On a 2D plane, we place n
stones at some integer coordinate points. Each coordinate point may have at most one stone.
A stone can be removed if it shares either the same row or the same column as another stone that has not been removed.
Given an array stones
of length n
where stones[i] = [x_{i}, y_{i}]
represents the location of the i^{th}
stone, return the largest possible number of stones that can be removed.
Example 1:
Input: stones = [[0,0],[0,1],[1,0],[1,2],[2,1],[2,2]]
Output: 5
Explanation: One way to remove 5 stones is as follows:
1. Remove stone [2,2] because it shares the same row as [2,1].
2. Remove stone [2,1] because it shares the same column as [0,1].
3. Remove stone [1,2] because it shares the same row as [1,0].
4. Remove stone [1,0] because it shares the same column as [0,0].
5. Remove stone [0,1] because it shares the same row as [0,0].
Stone [0,0] cannot be removed since it does not share a row/column with another
stone still on the plane.
Example 2:
Input: stones = [[0,0],[0,2],[1,1],[2,0],[2,2]]
Output: 3
Explanation: One way to make 3 moves is as follows:
1. Remove stone [2,2] because it shares the same row as [2,0].
2. Remove stone [2,0] because it shares the same column as [0,0].
3. Remove stone [0,2] because it shares the same row as [0,0].
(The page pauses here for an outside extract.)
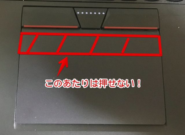 あともう一つ。5ボタンタッチパッドの場合、構造上、ボタンの直下部分だけは押し込めない部分がありますのでご注意ください。
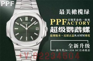 PPF超級鸚鵡螺?更“芯”換代Cal.26-330SC.?已知正版機芯324SC宣告停產,由330SC替換!PPF精益求精,緊隨其后,正式推出與正版一致的330SC機芯!330SC機芯將是PPF接下來的主力自動機芯,將超薄自動、打磨裝飾、走時性能,三者完美結合在了一起。機芯厚度只有3.3毫米.同時有百達翡麗雙P印記,機芯打磨裝飾盡善盡美,所有機芯部分都進行了打磨,代表了主流名表的最高水平。機芯使用無卡度砝碼微調擺輪,硅游絲,21K金自動陀,擺頻28800次/時,動力45小時。同時,手表走時符合百達翡麗印記標準.加之PPF完美克隆的表身,更是一騎絕塵,超群絕倫!PPF超級鸚鵡螺的真正締造者!

Stones [0,0] and [1,1] cannot be removed since they do not share a row/column
with another stone still on the plane.
Example 3:
Input: stones = [[0,0]]
Output: 0
Explanation: [0,0] is the only stone on the plane, so you cannot remove it.
Constraints:
1 <= stones.length <= 1000
0 <= x_{i}, y_{i} <= 10^{4}
 No two stones are at the same coordinate point.